WAG 02-04-03
The payee (or applicant for All Kids benefits) for the case must sign the application, except for the following situations:
- For SNAP, any unit member who is age 18 or over can sign. If no one is 18 or over, the payee for the SNAP unit must sign.
- If 2 adults apply for cash, the signature of both adults is required.
- An approved representative who applies for an applicant may sign.
- The legal guardian must sign if the applicant has one. If there's more than one guardian, the "guardian of the person" decides which guardian will sign. When the client has a "limited" or "temporary" guardian, the client should sign the application. The "limited" or "temporary" guardian may sign the application as an interested party acting on the client's behalf.
- A person who resides in a Drug/Alcoholic Treatment Center must have an authorized representative, appointed by the treatment center's administrator, sign an application for SNAP benefits.

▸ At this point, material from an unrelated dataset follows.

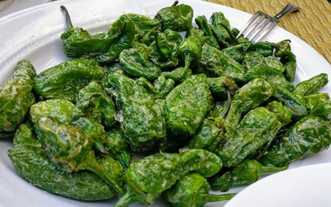 シシトウのような見た目の青唐辛子をオリーブオイルでサッと揚げて岩塩をパラリ!辛いのに当たるかどうかは運次第!?シンプルだけどクセになる味です!
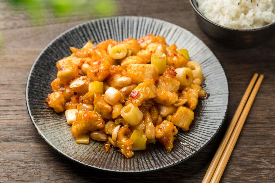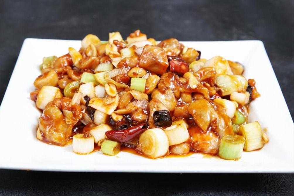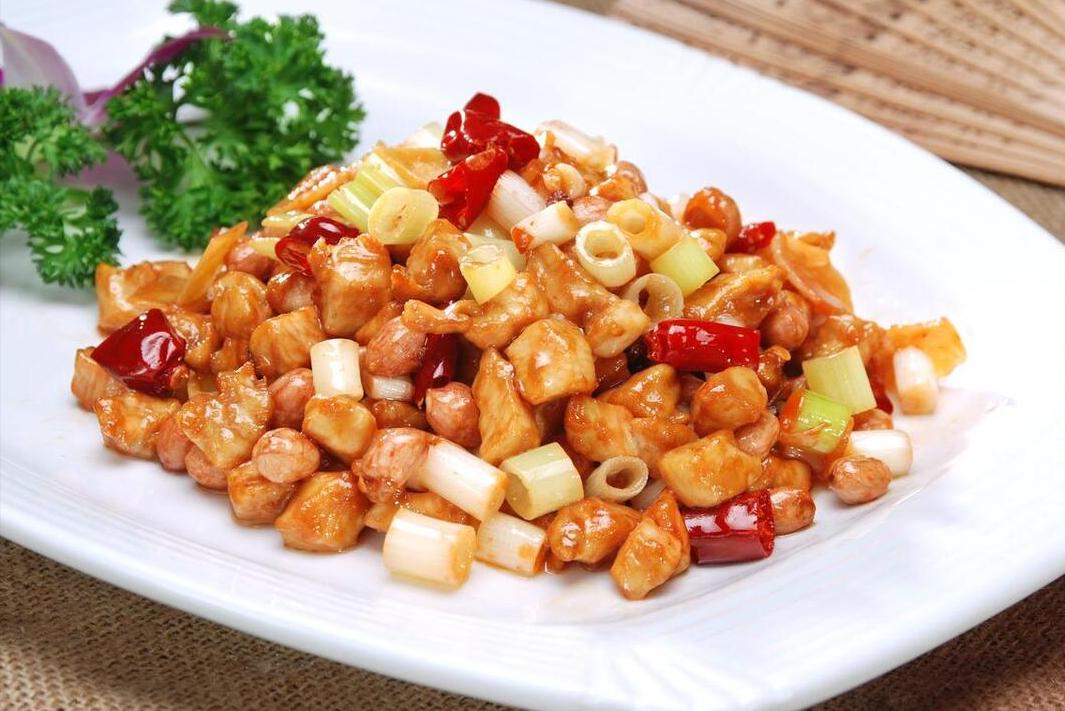 2、重新起油鍋,爆香蔥薑蒜、幹辣椒,再來1勺豆瓣醬炒出紅油,接着倒入雞丁、黃瓜、胡蘿蔔、花生米,加上1勺生抽、1勺香醋、1勺白糖、少許鹽調味,最後用澱粉做小半碗水澱粉,倒進去勾芡後,出鍋。

- If there's no legal guardian and an applicant is unable to sign the application for physical or mental reasons, death, or age, a responsible person may represent them and sign.
- If the applicant is a child, the child's caretaker must sign unless the child will get aid as a Ribicoff case (94R) and the child is not living with a caretaker. Then the child can sign.
- For clients under age 18 who reside in a DHS - OMH/DDD facility, parents or legal guardians must sign the application. The application can be signed by an interested person if there is no parent or legal guardian. To conclude that there are no parents:
- the parents' identity must be unknown; or
- the parents must have been legally declared incompetent; or
- attempts to locate the parents have been unsuccessful.
Eligibility does not exist if the parents are competent and are unwilling to apply for medical benefits.